Sultan Abdülaziz Paris seyahatinde, alay ve tören arabaları ile İstasyondan alınarak İmparatorluk Sarayı’na götürülmüş, Tuilleries Sarayı’nda İmparatoriçe Eugénie tarafından karşılanmış ve ilk kez orada tanışmışlardı.
Bu güzelliği ve zekasıyla meşhur olan İmparatoriçe daha ilk bakışta Sultan’ın aklını başından almış, seyahat boyunca aklı onda kalmıştı.
Yemekten sonra Sultan Abdülaziz ve beraberindeki heyet kendilerine tahsis edilen Elysée Sarayına geçmek üzere Tuilleries Sarayı’ndan ayrılmışlardı.
Ertesi sabah, Pazartesi günü, İmparator III. Napoleon ile birlikte Eski Fransa krallarından Louis’in görkemli saltanat arabası ile Sanayi Fuarının düzenlendiği Kristal Palas’a gidilmiş, Sanayi Fuarı gezilmiş, yeni ürünleri icad eden sanatkar ve sanayicilere İmparator, İmparatoriçe ve Sultan tarafından birlikte ödül ve nişanlar verilmiş, sonrasında tekrar saraya dönülmüştü.
Sultan Abdülaziz, İmparatoriçe Eugénie’yi bir daha ancak iki sene sonra İmparatoriçe’nin Mısır’a Suveyş Kanalının açılış merasimine giderken Fransız emperyal yatı “L’aigle” ile Ekim 1869’da İstanbul’a uğraması sayesinde görebilmişti.

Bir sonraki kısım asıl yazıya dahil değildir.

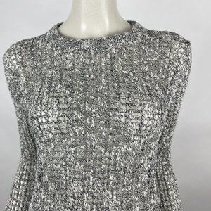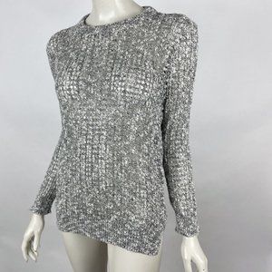 Theory Linen Cotton Mesh Knit Sweater Women M Long Sleeve Pullover Crew Neck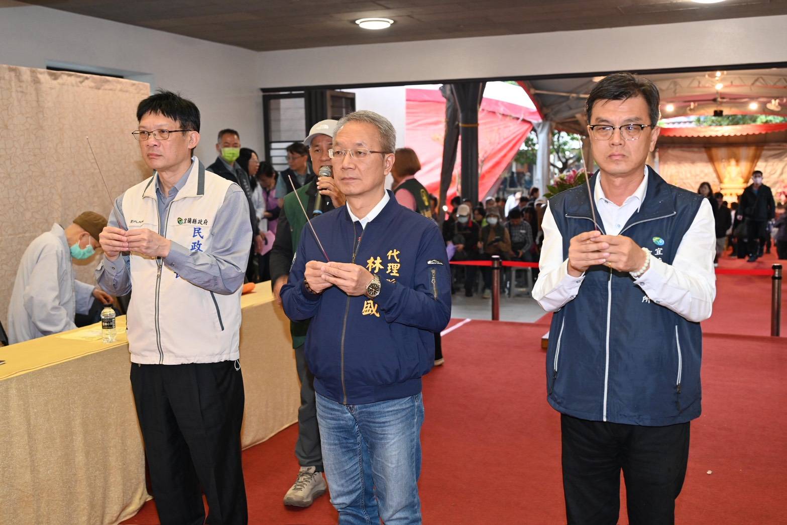 員山福園春祭法會,由代理縣長林茂盛(中)擔任主祭。(圖/宜蘭縣政府提供)

Fransa İmparatoriçesi Eugenie şerefine Beykoz Çayırı’nda düzenlenen av partileri sırasında buraya Hümâyunâbâd Kasrı (Tokat Köşkü) inşaa edilmişti. Ancak bu pavyondan günümüze hiçbir iz kalmamıştır.
Beylerbeyi Sarayı’nda misafir edilen İmparatoriçe ile 17 Ekim gecesi saatlerce beraber kalmışlar ve bu çok özel anlar yıllarca bir söylenti olarak dilden dile aktarılmıştı. Bu efsanenin gercekliği ve detayları ancak yakın bir tarihte İspanyol Cervantes Enstitüsü Müdürü Pablo Martin Asuero’nun yazıp yayınladığı “Mavi Sütunlu Saray” adlı kitapta ortaya cıkmış oldu.